■ Work order
Word for word, retype the lines from the one containing "by Lawrence Harris" to the one containing "Cascade MT - P1 sow with pigs" below, keeping both end lines and dropping the pictures.

■ Stored dataset items
== Segment start ==
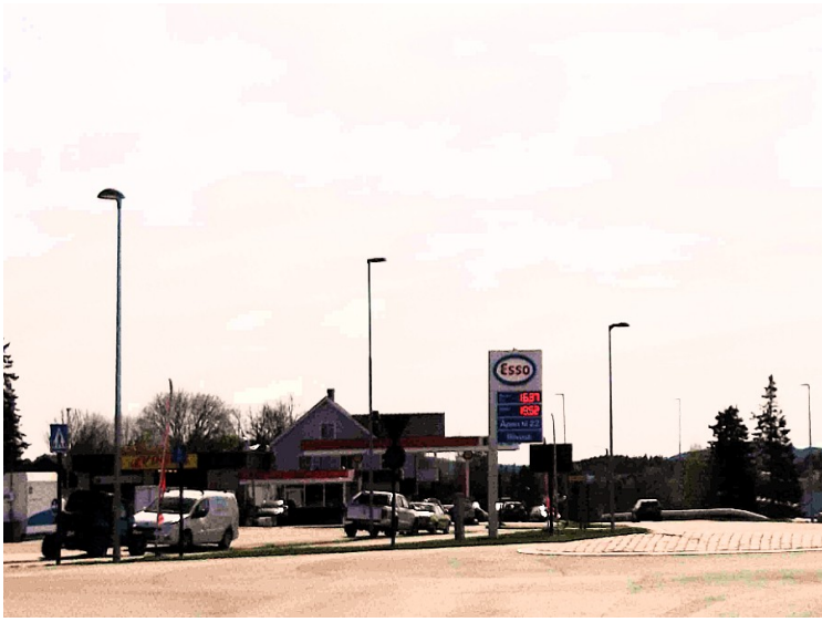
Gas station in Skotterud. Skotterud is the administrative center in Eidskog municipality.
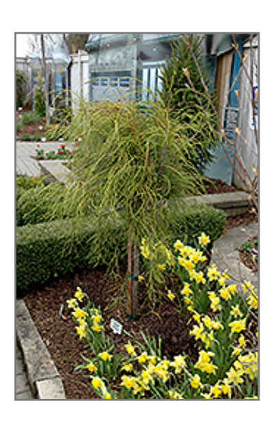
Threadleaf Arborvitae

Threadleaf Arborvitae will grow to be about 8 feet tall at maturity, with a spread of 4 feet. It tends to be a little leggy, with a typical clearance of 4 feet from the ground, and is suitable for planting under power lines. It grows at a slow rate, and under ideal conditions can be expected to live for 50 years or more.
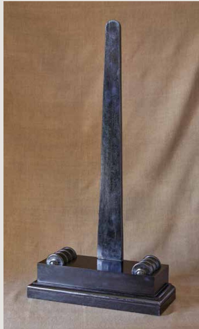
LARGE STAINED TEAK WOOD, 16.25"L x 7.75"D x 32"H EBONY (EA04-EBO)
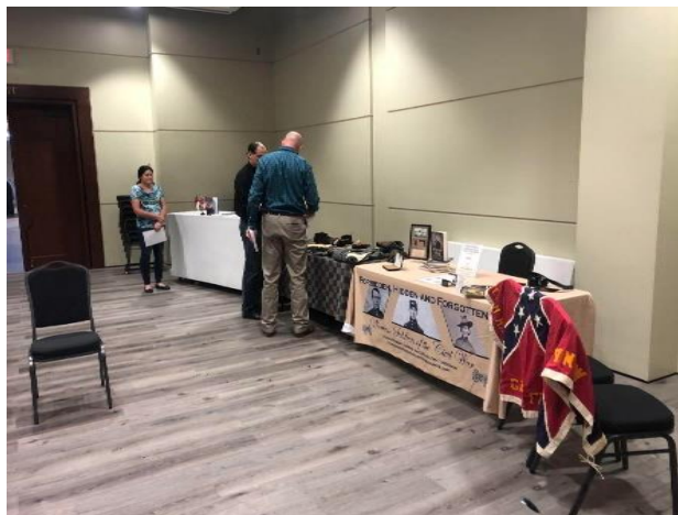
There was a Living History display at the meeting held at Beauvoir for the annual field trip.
== Segment end ==
== Segment start ==
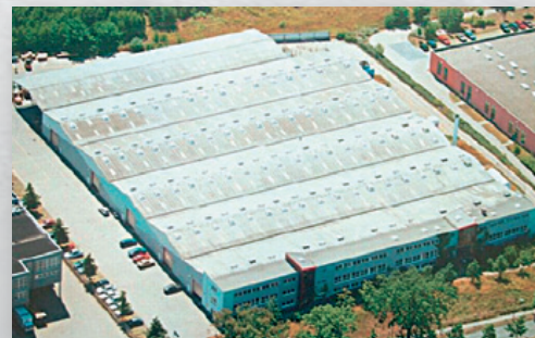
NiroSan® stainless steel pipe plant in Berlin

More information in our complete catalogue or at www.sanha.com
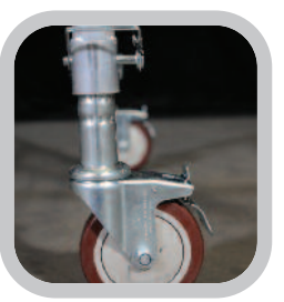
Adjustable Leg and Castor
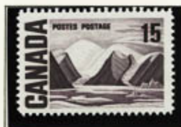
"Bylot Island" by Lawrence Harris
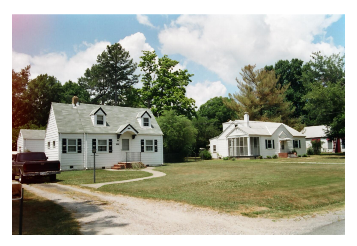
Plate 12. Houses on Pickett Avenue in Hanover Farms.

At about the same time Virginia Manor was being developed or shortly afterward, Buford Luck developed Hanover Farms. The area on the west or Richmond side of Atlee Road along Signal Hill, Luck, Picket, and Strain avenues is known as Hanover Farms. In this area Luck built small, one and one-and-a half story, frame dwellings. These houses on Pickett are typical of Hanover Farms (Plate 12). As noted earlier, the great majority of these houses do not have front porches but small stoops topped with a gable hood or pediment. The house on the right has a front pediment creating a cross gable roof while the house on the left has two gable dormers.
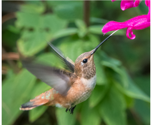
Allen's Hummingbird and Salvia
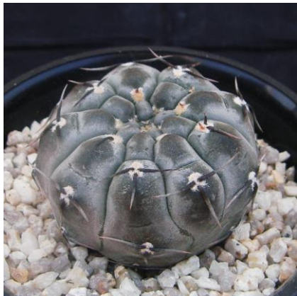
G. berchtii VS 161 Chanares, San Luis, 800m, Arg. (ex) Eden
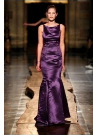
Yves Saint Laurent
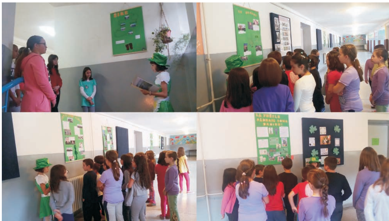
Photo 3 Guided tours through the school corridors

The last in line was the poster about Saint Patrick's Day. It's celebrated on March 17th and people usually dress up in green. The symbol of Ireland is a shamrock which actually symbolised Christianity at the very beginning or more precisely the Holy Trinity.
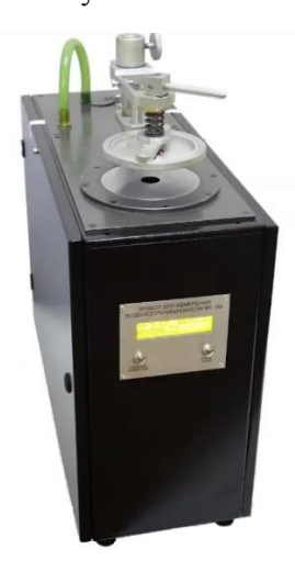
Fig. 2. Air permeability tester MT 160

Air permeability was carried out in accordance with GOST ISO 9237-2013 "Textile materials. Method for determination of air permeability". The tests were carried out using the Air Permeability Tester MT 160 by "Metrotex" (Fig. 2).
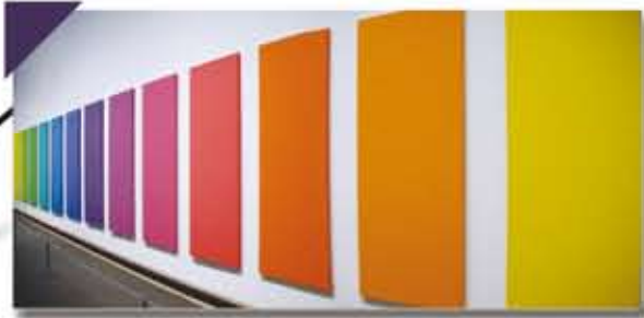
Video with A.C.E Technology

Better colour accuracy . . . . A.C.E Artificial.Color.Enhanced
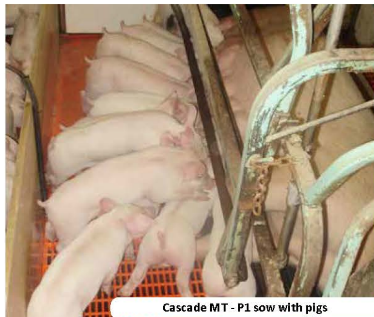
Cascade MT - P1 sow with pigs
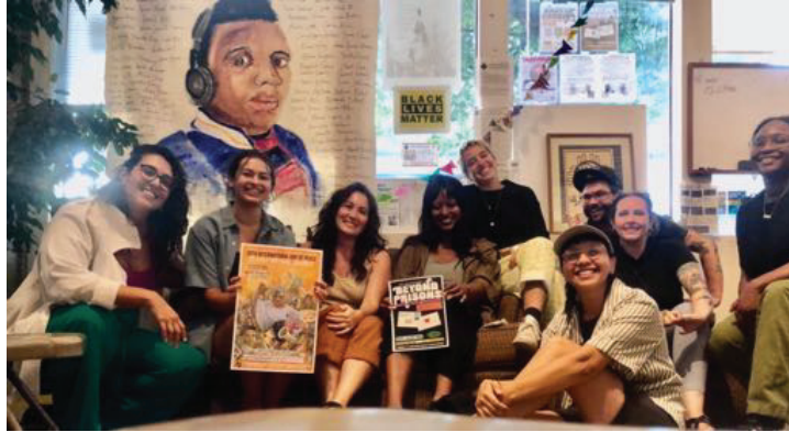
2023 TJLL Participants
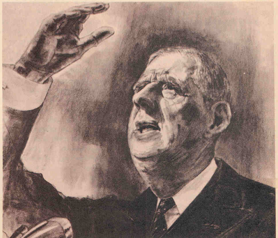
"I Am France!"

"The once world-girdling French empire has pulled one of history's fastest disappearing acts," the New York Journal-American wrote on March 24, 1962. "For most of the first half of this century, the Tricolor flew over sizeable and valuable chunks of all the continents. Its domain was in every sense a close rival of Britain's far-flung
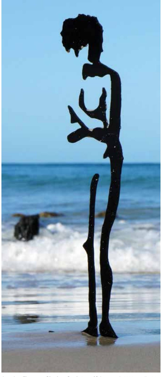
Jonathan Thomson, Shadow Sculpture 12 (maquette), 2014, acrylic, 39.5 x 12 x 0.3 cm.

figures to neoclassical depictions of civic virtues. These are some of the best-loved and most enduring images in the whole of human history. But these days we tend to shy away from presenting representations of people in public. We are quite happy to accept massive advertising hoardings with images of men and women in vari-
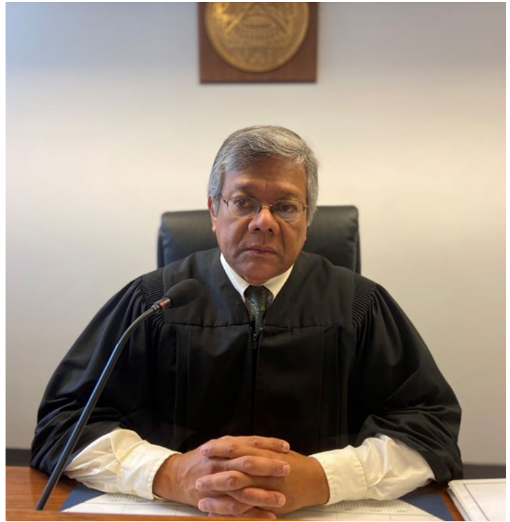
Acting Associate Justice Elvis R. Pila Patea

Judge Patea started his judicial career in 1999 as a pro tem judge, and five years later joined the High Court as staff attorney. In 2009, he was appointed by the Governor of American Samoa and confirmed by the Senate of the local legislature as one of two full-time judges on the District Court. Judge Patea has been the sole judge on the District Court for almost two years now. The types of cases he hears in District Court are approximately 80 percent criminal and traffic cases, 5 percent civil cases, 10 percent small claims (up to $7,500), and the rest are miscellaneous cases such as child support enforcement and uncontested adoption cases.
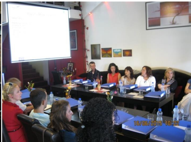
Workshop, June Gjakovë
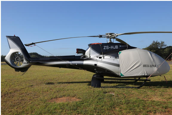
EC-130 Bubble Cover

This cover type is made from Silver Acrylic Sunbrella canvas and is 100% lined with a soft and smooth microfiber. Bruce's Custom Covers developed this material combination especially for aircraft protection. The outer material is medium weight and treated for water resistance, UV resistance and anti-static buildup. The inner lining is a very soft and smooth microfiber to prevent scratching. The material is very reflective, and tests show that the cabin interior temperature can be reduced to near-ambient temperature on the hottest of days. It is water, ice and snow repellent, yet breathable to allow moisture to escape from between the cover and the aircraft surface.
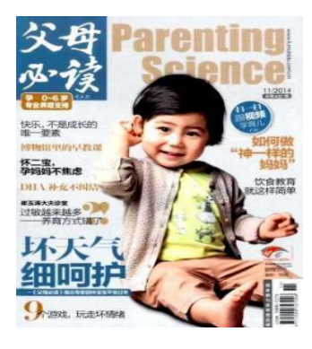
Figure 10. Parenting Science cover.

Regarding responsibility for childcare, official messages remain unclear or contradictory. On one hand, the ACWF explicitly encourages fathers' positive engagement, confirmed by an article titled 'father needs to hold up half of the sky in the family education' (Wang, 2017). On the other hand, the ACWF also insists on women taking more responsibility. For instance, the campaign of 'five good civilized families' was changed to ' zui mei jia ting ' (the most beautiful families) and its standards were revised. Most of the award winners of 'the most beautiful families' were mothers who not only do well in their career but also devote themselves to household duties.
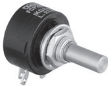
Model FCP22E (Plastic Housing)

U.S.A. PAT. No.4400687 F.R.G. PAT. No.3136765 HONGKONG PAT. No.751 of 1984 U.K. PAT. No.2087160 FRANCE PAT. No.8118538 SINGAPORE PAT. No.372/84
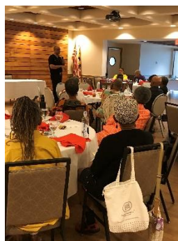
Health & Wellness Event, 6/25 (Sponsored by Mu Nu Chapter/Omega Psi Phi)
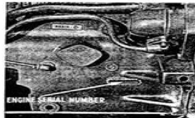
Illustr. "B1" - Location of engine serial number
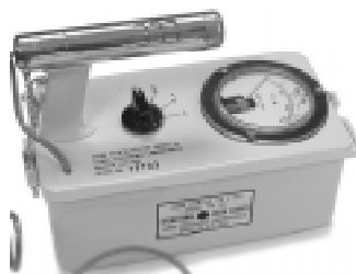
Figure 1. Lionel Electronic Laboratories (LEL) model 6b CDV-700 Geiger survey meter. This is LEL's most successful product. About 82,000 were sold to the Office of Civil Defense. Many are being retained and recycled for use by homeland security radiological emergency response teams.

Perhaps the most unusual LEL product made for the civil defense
== Segment end ==
■ Task solution
"Bylot Island" by Lawrence Harris
Plate 12. Houses on Pickett Avenue in Hanover Farms.

At about the same time Virginia Manor was being developed or shortly afterward, Buford Luck developed Hanover Farms. The area on the west or Richmond side of Atlee Road along Signal Hill, Luck, Picket, and Strain avenues is known as Hanover Farms. In this area Luck built small, one and one-and-a half story, frame dwellings. These houses on Pickett are typical of Hanover Farms (Plate 12). As noted earlier, the great majority of these houses do not have front porches but small stoops topped with a gable hood or pediment. The house on the right has a front pediment creating a cross gable roof while the house on the left has two gable dormers.
Allen's Hummingbird and Salvia
G. berchtii VS 161 Chanares, San Luis, 800m, Arg. (ex) Eden
Yves Saint Laurent
Photo 3 Guided tours through the school corridors

The last in line was the poster about Saint Patrick's Day. It's celebrated on March 17th and people usually dress up in green. The symbol of Ireland is a shamrock which actually symbolised Christianity at the very beginning or more precisely the Holy Trinity.
Fig. 2. Air permeability tester MT 160

Air permeability was carried out in accordance with GOST ISO 9237-2013 "Textile materials. Method for determination of air permeability". The tests were carried out using the Air Permeability Tester MT 160 by "Metrotex" (Fig. 2).
Video with A.C.E Technology

Better colour accuracy . . . . A.C.E Artificial.Color.Enhanced
Cascade MT - P1 sow with pigs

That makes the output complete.